In the past few decades modern computers have gotten exponentially more efficient at working with numerical data, a side effect of the demands of modern graphics. Libraries like NumPy and polars can take advantage of these optimizations, and libraries like pandas and shapely can benefit.

However, in many domains, a surprising amount of time is spent manipulating strings: consider how fundamental HTTP is, comparing strings, cleaning them, extracting information from a larger string.

While modern computers have gotten faster (able to perform more tasks per second) this has mostly been a linear improvement.

The challenge in part stems from the fact that unlike math, where we can parallelize a lot of operations, string manipulation is inherently sequential. It often involves iterating over something one character at a time, limiting our ability to optimize.

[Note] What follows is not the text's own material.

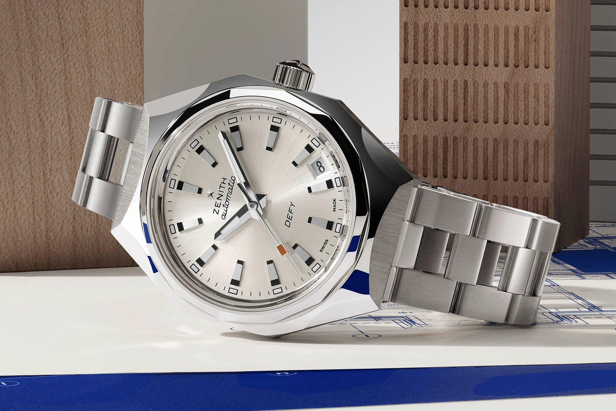 On the silver-toned dial, finished with a sunray pattern, Zenith remains meticulously faithful to the original design, while translating it into a modern aesthetic through contemporary materials and manufacturing techniques. The applied hour markers feature a two-tier profile, combining a satin-finished central section with glossy, black-lacquered recesses, and are framed by rectangular blocks filled with luminous material. Faceted hands rise from the centre, while the seconds hand—just as on the historic model—is accented with a bright orange rectangular tip. The Defy Revival A3643 is available immediately from Zenith boutiques, online stores and authorised retailers worldwide, priced at EUR 7,900.
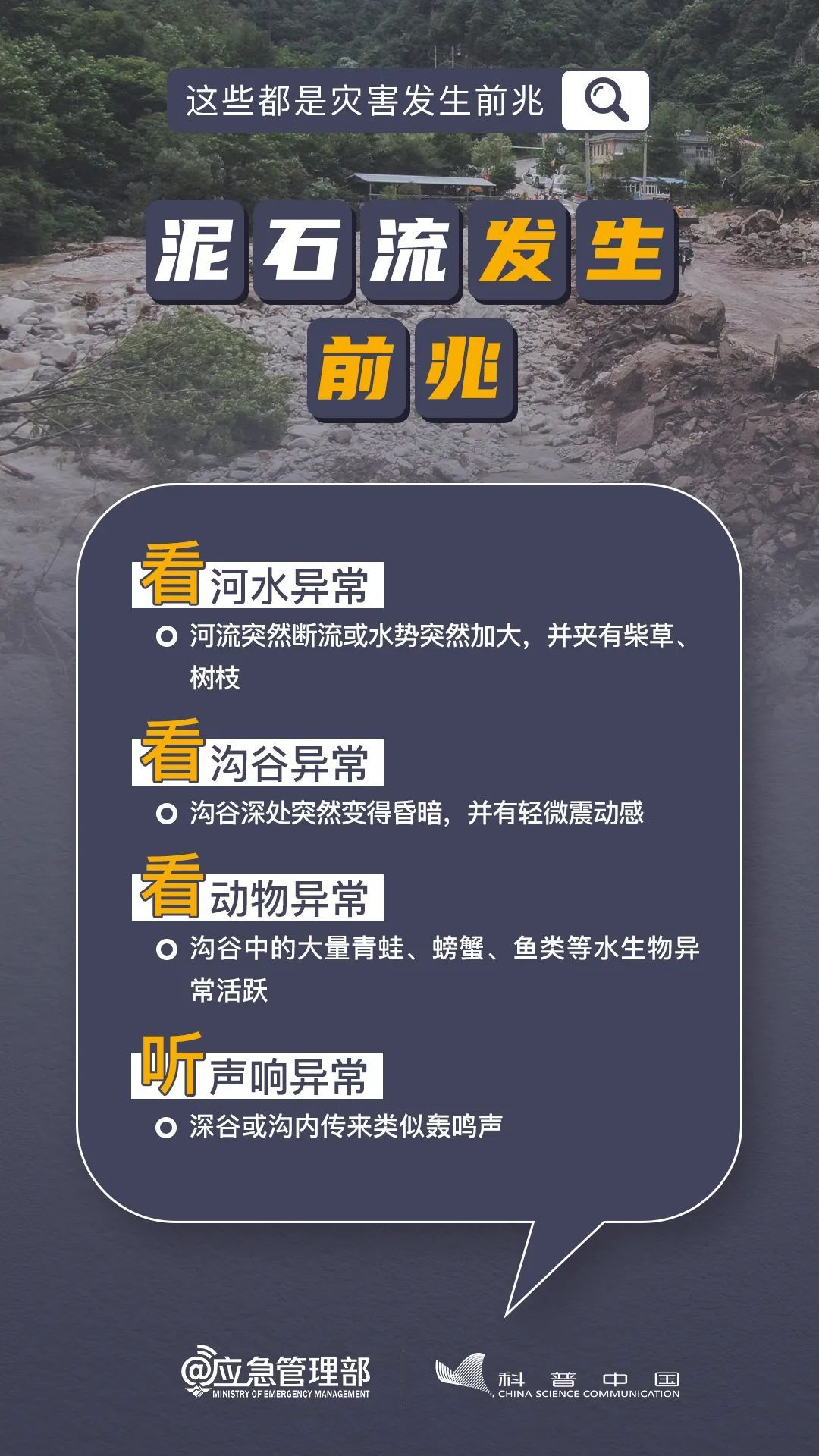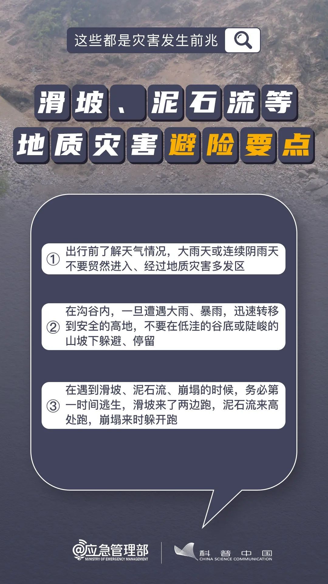 ④做好山洪、滑坡、崩塌、泥石流等灾害的防御和抢险工作,转移危险地带人员和危房居民至安全场所。

In Python, strings are immutable. Functions do not modify strings, they must return a new string.

Let’s what a simplified implementation of str.replace that can only replace a single character might look like:

def replace_one_char(self, from_ch, to_ch):
    # assume the existence of an internal array of characters
    new_chars = []
    for char in self._characters:
        if char == from_ch:
            new_chars.append(to_ch)
        else:
            new_chars.append(char)
    return "".join(new_chars)  # convert to a string

While the actual implementation would be in C, the algorithm itself can’t really be more efficient than this. It will need to both scan the entire string and make a copy of the string, $O(N)$ in both time and space complexity.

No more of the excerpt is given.